Click Identify Performers on any scene page in Stash
The sidecar extracts frames from the scene's sprite sheet (no video decoding required)
Faces are detected using RetinaFace and aligned via 5-point similarity transform
Each face is embedded using two models (FaceNet512 + ArcFace) with flip-averaging for stability
Embeddings are searched against Voyager vector indices containing 366,000+ face references
Results are clustered by person — the same performer appearing across multiple frames is grouped together
Matched performers are shown with confidence scores and one-click tagging

Matching Modes

Clustered frequency matching (default) — Groups detected faces by person using cosine distance, then frequency-matches within each cluster. Multi-frame appearances boost confidence — a performer appearing in 30 out of 60 frames is a much stronger signal than a single-frame detection.

Tagged-performer boost — Performers already tagged on the scene receive a small distance bonus (+0.03), reducing false negatives for known cast members.

Gallery and Image Identification

Face recognition extends to gallery images, which are typically higher quality and better-framed than video frames.

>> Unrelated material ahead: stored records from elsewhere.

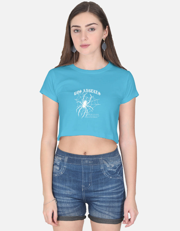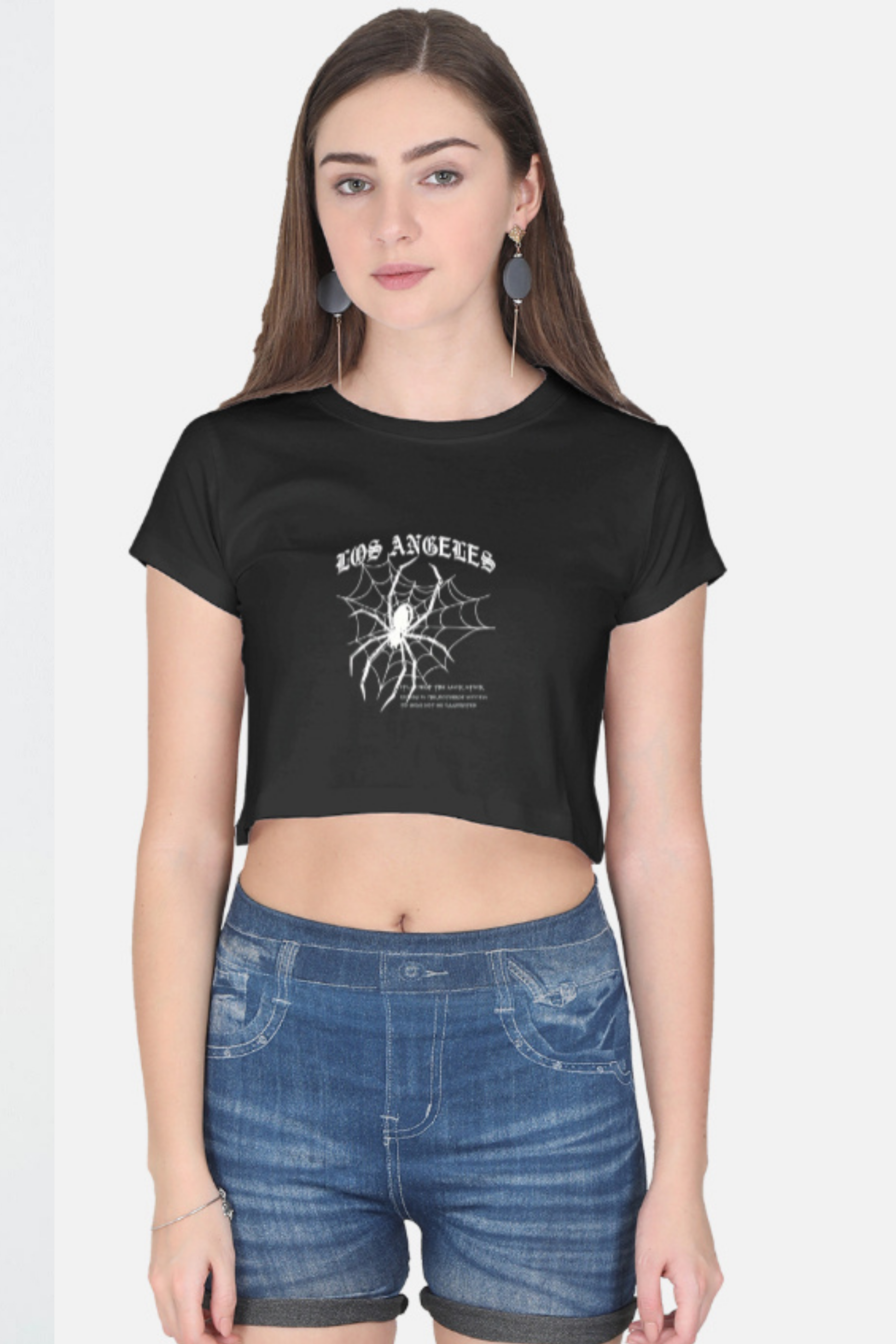The striking graphic features a detailed spider nestled in its web, framed by "LOS ANGELES" in a classic Gothic font. The design is finished with a cryptic quote, adding a layer of mystery and depth to this unapologetic grunge aesthetic. Made from soft, breathable black cotton, this crop top has a comfortable, slightly relaxed fit that's perfect for everyday wear.
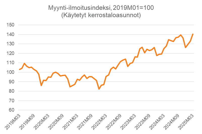 ”Alkuvuoden vilkastuneesta asuntokaupasta huolimatta käytettyjen asuntojen tarjonta kasvoi 25Q1:llä uusiin huippulukemiin Etuovi.comin datan mukaan. Tämä rajoittaa hintojen nousupotentiaalia lyhyellä aikavälillä, sillä tarjonnan sulaminen vie pidempään kuin aiemmin on arvioitu. Todellinen hintakäänne edellyttäisi selvästi laajempaa ostajien aktivoitumista sekä tarjonnan merkittävämpää sulamista. Toisaalta tarjonnan kasvu kuvastaa patoutuneita asunnonvaihtotarpeita. Myynti-ilmoitusten kasvu kertoo, myyjien halukkuus tai tarve myydä asuntoja on kasvanut. Asunnonvaihtotarvetta on selvästi kertynyt, ja sen purkautumista vasta odotetaan,” summaa Huoneistokeskuksen toimitusjohtaja Marina Salenius.
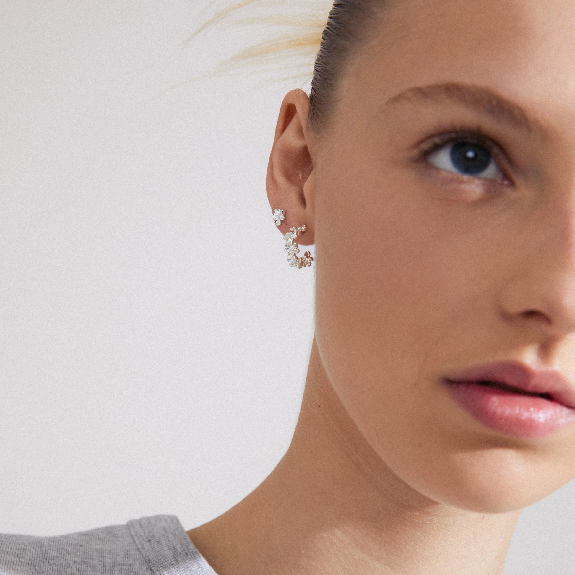 The final touch matters! Take on the world with the silver-plated, organic shaped ZHURI earrings from Pilgrim, where you get a 2-in-1 set. A set of half hoops with floral silhouettes and a set of casual tiny floral studs. Let the beautiful floral motifs be the finishing touch to your outfit and wear them together or separately depending on your styling. The ZHURI 2-in-1 kit is made from 97% recycled material.
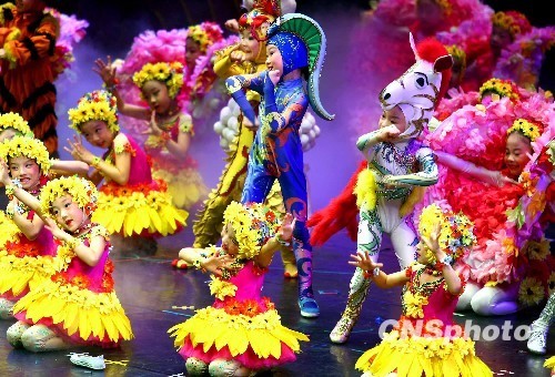 北京藍(lán)天兒童藝術(shù)團(tuán)7月28日晚在臺(tái)北進(jìn)行公益演出,所得善款將全部捐獻(xiàn)給臺(tái)南災(zāi)區(qū)。演出的歌舞劇《十二吉祥》以中華民族傳統(tǒng)生肖文化為主題,展示濃郁的中華民族傳統(tǒng)風(fēng)情和燦爛不息的民族文化底蘊(yùn)。 中新社發(fā) 宋吉河 攝

Single image or full gallery identification
Results grouped by performer across images with best/average distance
Fingerprint caching avoids re-processing on subsequent requests

Additional Signals

Face recognition alone is the primary signal. Two optional signals can improve results when faces are unclear or absent:

Body proportions — MediaPipe pose estimation extracts shoulder-hip ratio, leg-torso ratio, and arm-span-height ratio. Mismatches apply a penalty multiplier. Enabled via Settings.
Tattoo presence — YOLO-based detection. If the query shows tattoos but a candidate has none, a penalty is applied. Matching tattoo locations give a small boost. Requires the optional tattoo detection models.

Fusion: final_score = face_score × body_multiplier × tattoo_multiplier. Missing signals are neutral (1.0 multiplier).

Performance

On a GTX 1080 (8GB VRAM), a typical scene (60 frames) processes in ~5 seconds. The 3-phase batch pipeline (extract → detect → embed+match) processes all faces in bulk rather than one at a time.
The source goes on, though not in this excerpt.